Брюмьер нисколько не сомневается в искренности Медоры в отношении к нему. Он и не подумал расспрашивать меня о том, о чем я говорил с нею, но был полон радостных надежд.
— Знаете ли, — сказал он, — что дела мои идут хорошо? Бог да сохранит добрую леди Гэрриет! Но если ему будет угодно пресечь дни ее, то Медора, уже пытавшаяся жить у прочих своих родственниц, не будет знать, куда деваться, и, наверное, решится на супружество. Ведь она уже решалась, потому что чуть не вышла за старого князя. Но, к счастью, эта прихоть вовремя прошла, и так как вместо толпы обожателей я перед нею один на эту минуту, и так как судьба послала ей меня в это скучное Фраскати, как будто на перепутье между отвращением к последнему поклоннику и смертью последней покровительницы, то я вижу тут самый удобный для себя случай, которым и намерен непременно воспользоваться. Но что она делает с вашей Даниеллой?
— Поживя здесь, я бы мог отвечать вам по-здешнему: chi lo sa? Но всякий не природный итальянец непременно захочет предположить что-нибудь, и потому я воображаю, что она желает примириться с женщиной, которую оскорбляла так несправедливо.
— Да, должно быть так, ведь она предобрая, не правда ли? Благородная натура, вспыльчива, но великодушна; иногда она сумасбродна, иногда будто опьяняет от артистических фантазий в своих эксцентрических выходках, но когда она приходит в себя, то в ней сказывается удивительная логика и удивительный здравый смысл. Это женщина необыкновенная, но скучающая, вот и все. Вы увидите, в какое восхитительное создание преобразит ее любовь!
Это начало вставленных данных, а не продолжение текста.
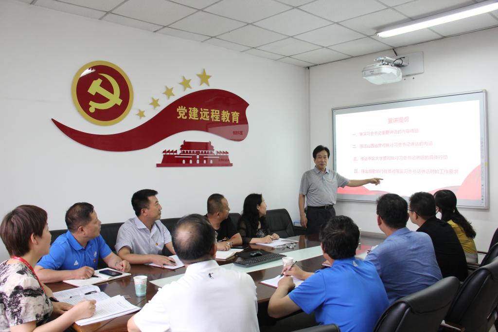 随后,后勤管理处中层干部杨正民处长和王晋光副处长分别以《不忘初心 砥砺前行》和《立足后勤 勇担使命》为题,从后勤管理处全处和分管工作范围等多个角度,结合学习贯彻习近平总书记视察山西重要讲话和重要指示精神进行了宣讲。

Брюмьер так наивно присваивал себе право этого чудного преображения, что разуверить его было бы мудрено. Да и зачем? Избыток самодовольства так усладителен сам по себе, что пусть себе за мечтами следуют разочарования. Вперед полученные вознаграждения действительны не менее тех, которые следуют за бедствием. Мне оставалось лишь подивиться этой способности самообольщения. Я зафилософствовался про себя о положении этого семейства: с одной стороны лорд Б…, на пороге огромного, неутешного горя; с другой — Медора, занятая своими планами; и рядом с ней Брюмьер, который говорит: «Дай Бог здоровья леди Гэрриет, но только смерть ее очень бы была мне полезна на эту минуту!»
Когда я вновь встретился с Даниеллой и начал расспрашивать ее о переговорах с Медорой, она показалась мне задумчивой и скрытной в ответах.
— Боже мой, — сказал я ей, — ты, кажется, опечалена? Не сказала ли она тебе чего-нибудь такого, что заставляет тебя опять сомневаться во мне?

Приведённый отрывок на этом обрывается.